During its extended opening run, Whole Lotta Red is characterized by hyperkinetic pacing. As the album transitions from its buzzsaw front half to its more exultant back half, “New N3on,” “Control,” and “Punk Monk” introduce minor problems with bloat and pace. The three songs are all better executed elsewhere on the tracklist, though “Monk” is redeemed in part by its industry intrigue. In addition, the three guest appearances (a phoned-in Future verse on “Teen X,” stock Kid Cudi on the texturally interesting but overlong “M3tamorphosis,” and executive producer Kanye West’s verse on “Go2DaMoon”) should have all been left on a hard drive. Most of these are nitpicks, but they add up-less for being outright failures on their own terms and more for derailment of Carti’s otherwise carefully crafted momentum.
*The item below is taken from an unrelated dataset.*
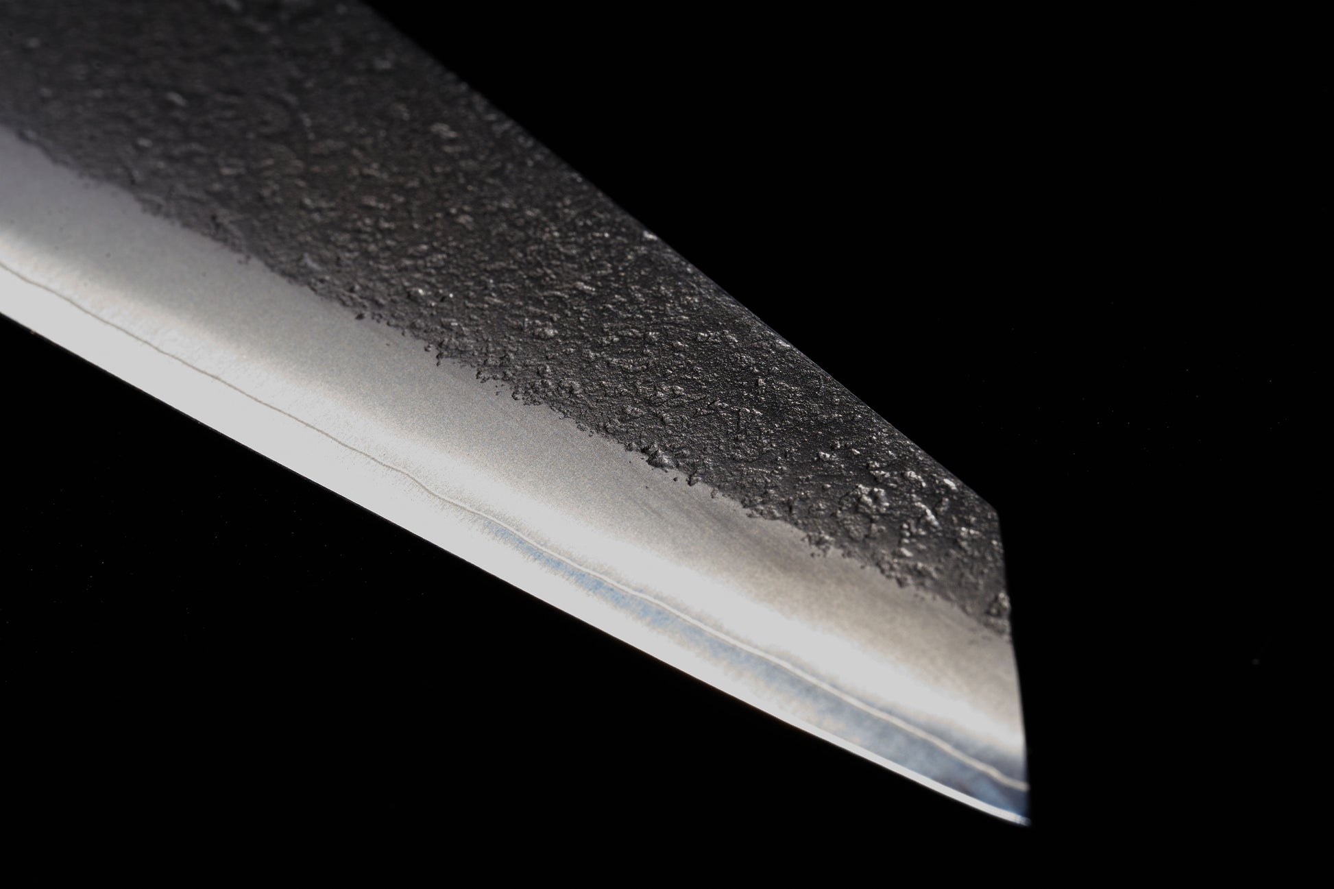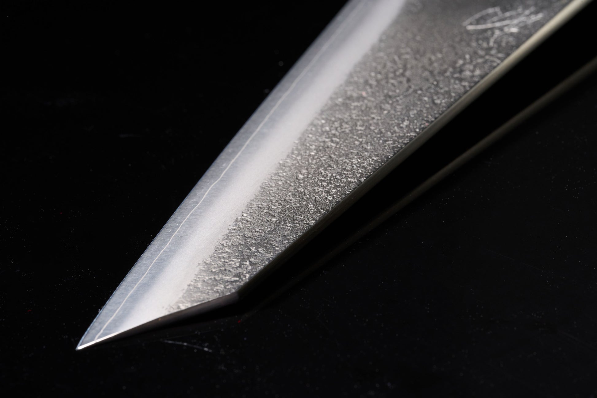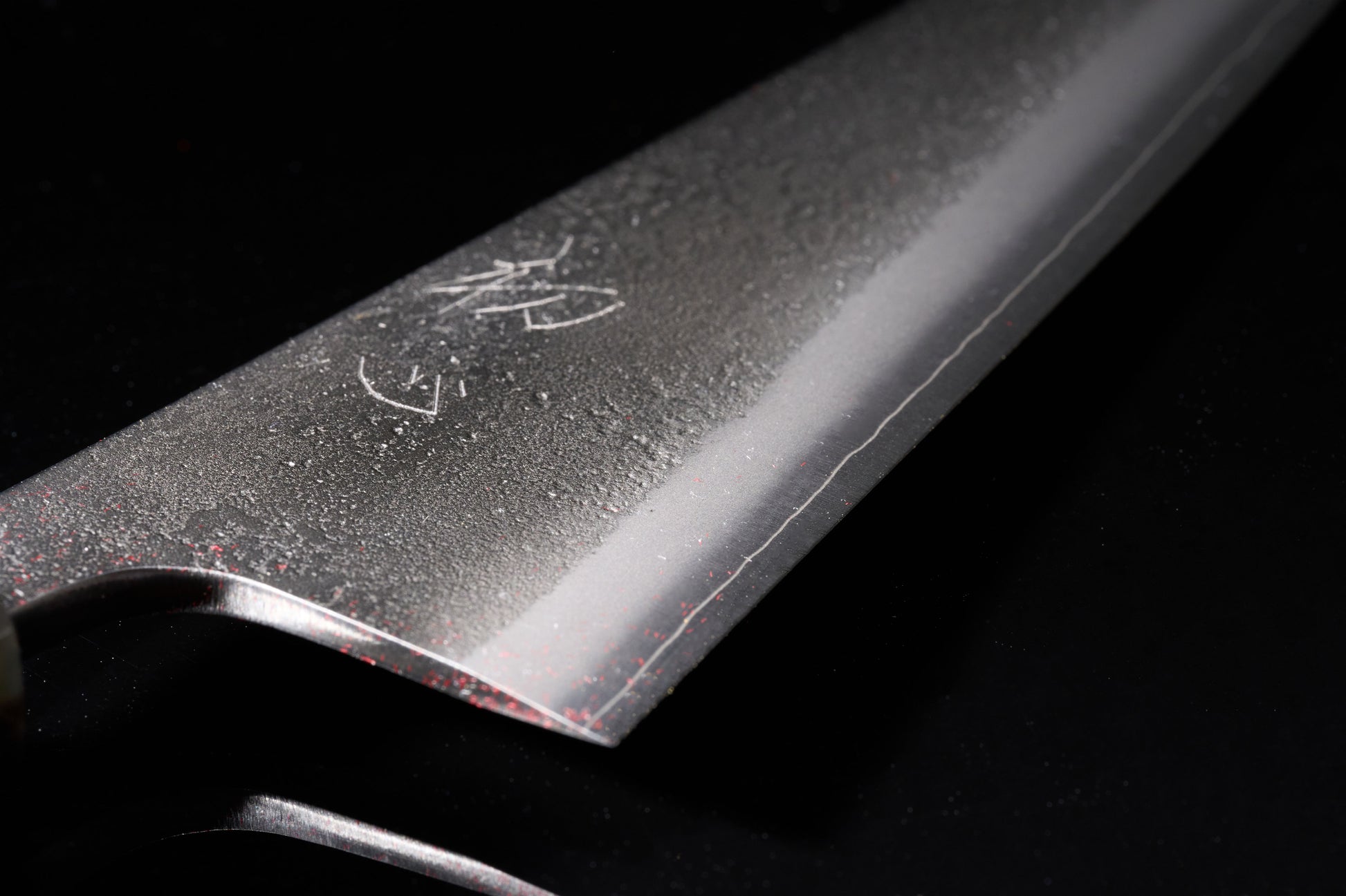 Regarding the daily maintenance of Japanese kitchen knives:1、The forging technique of Japanese kitchen knives has evolved from traditional Japanese swords, giving them superior sharpness and hardness, making them excellent for cutting and slicing tasks. Most food ingredients commonly purchased in Japan, such as fish, chicken, beef, and pork, are often already processed into boneless or meat-only forms. Consequently, the need for chopping and cleaving is rare in most Japanese culinary scenarios. Therefore, Japanese kitchen knives are not designed for heavy chopping, and it is advisable not to attempt to cut or chop frozen foods and bones, as it may lead to blade damage.2、If your kitchen knife is made from carbon steel, it is essential to wash the knife after use and thoroughly dry it to prevent moisture retention. This is especially important as carbon steel blades are prone to rust if not properly maintained. From a hygiene standpoint, it is also recommended to keep stainless steel knives clean. If you plan to store your knife for an extended period without use, we suggest applying a layer of knife oil (olive oil is also suitable) and wrapping the blade with rust-resistant paper (newspaper is acceptable).

The fact that a 24-song, hour-long album delivered on its promise after so much speculation is one thing. The fact that it does so while maintaining an aura of mystery around its creator is even more impressive. In some ways, Carti’s public persona reveals his obsession with high fashion: the rapper as couture, something you can’t buy at a department store. Although traces of his work are ever-present, the man himself is somewhat of a ghost. Contrary to that, Whole Lotta Red’s songs are urgent, immediate. Even though they rarely deal in autobiography, they still cut close to the bone.